Distinct variable groups:   𝑥,𝑦,𝐴   𝑥,𝐵,𝑦   𝑥,𝐹,𝑦

Proof of Theorem dffo4

Step	Hyp	Ref	Expression
1		dffo2 6588	. . 3 ⊢ (𝐹:𝐴–onto→𝐵 ↔ (𝐹:𝐴⟶𝐵 ∧ ran 𝐹 = 𝐵))

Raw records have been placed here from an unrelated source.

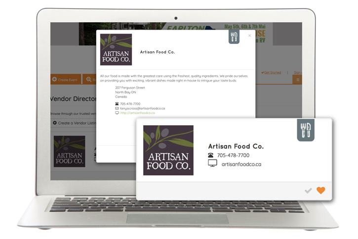 Save this Vendor! Event hosts can easily browse the directory and save your listing as a favourite vendor or pin you to a specific event.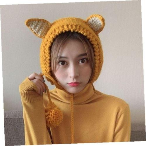 [에이치플러스몰]니트 귀도리 여자 겨울 비니 모자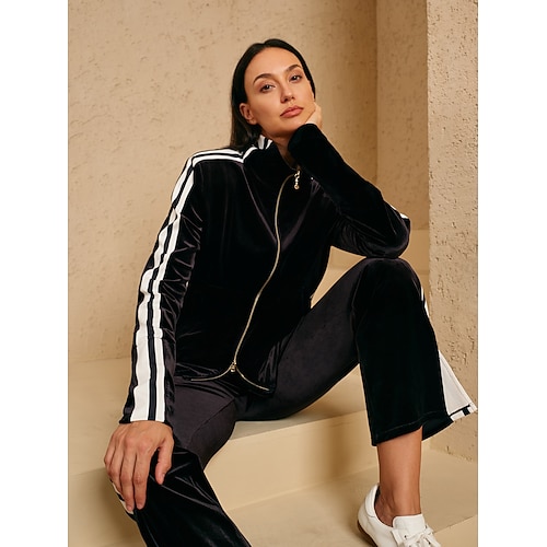 Per donna Felpa pullover Top casual Manica Lunga Top Athleisure Autunno A righe Di tendenza All'aperto Viaggio abbigliamento sportivo Abbigliamento sportivo Nero Bianco Rosso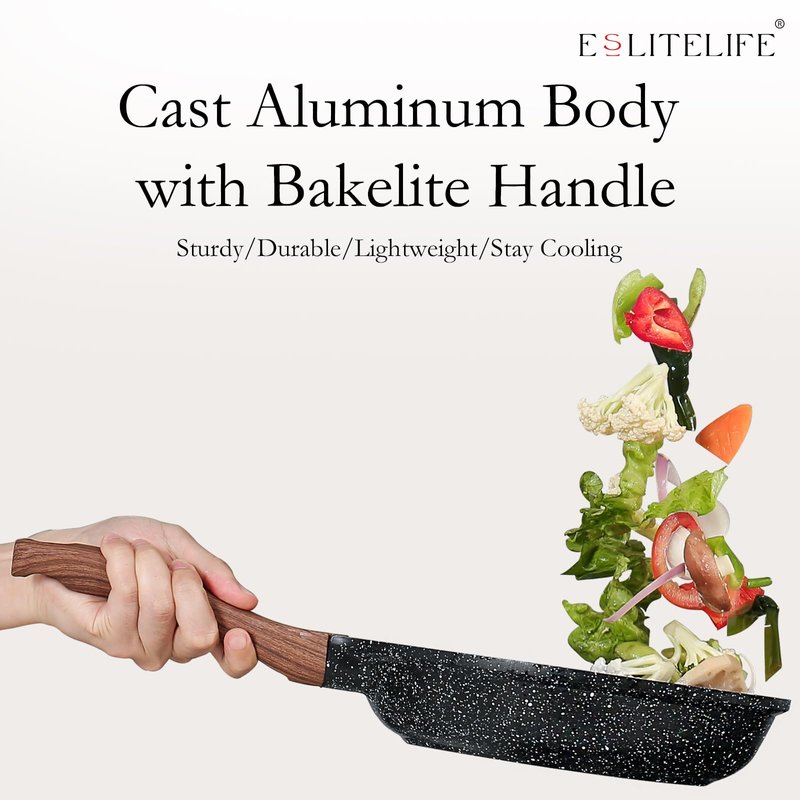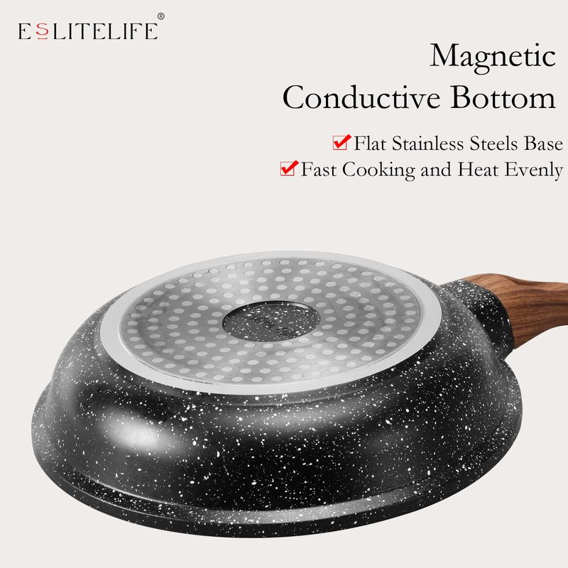 ESLITE LIFE nonstick skillet set is perfectly suitable for gas, ceramic, electric, halogen or induction stoves.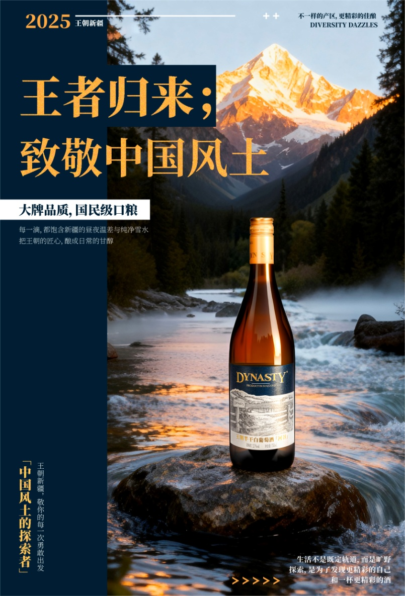 王朝半干白葡萄酒(河谷)(2025)源自北緯44°天山北麓“黃金產(chǎn)區(qū)”。該產(chǎn)區(qū)依托充足日照與顯著的晝夜溫差,為葡萄積累了飽滿的風(fēng)味物質(zhì)。這款酒融合了王朝40余年的精湛釀造技藝,呈澄澈淺金黃色澤,散發(fā)著白桃、柑橘的鮮活果香,伴隨淡淡花香與礦物質(zhì)感。入口甜酸平衡,酒體輕盈順滑,余味干凈清爽,盡顯雅致風(fēng)格,精準(zhǔn)傳遞出中國風(fēng)土的獨特魅力。其兼具傳統(tǒng)底蘊與年輕化表達的特點,不僅贏得了大學(xué)生評委對風(fēng)味適配度的認(rèn)可,更獲得了專家評審對風(fēng)土詮釋力的高度評價。

2		simpl 485	. . . 4 ⊢ ((𝐹:𝐴⟶𝐵 ∧ ran 𝐹 = 𝐵) → 𝐹:𝐴⟶𝐵)
3		vex 3497	. . . . . . . . . 10 ⊢ 𝑦 ∈ V
4	3	elrn 5816	. . . . . . . . 9 ⊢ (𝑦 ∈ ran 𝐹 ↔ ∃𝑥 𝑥𝐹𝑦)
5		eleq2 2901	. . . . . . . . 9 ⊢ (ran 𝐹 = 𝐵 → (𝑦 ∈ ran 𝐹 ↔ 𝑦 ∈ 𝐵))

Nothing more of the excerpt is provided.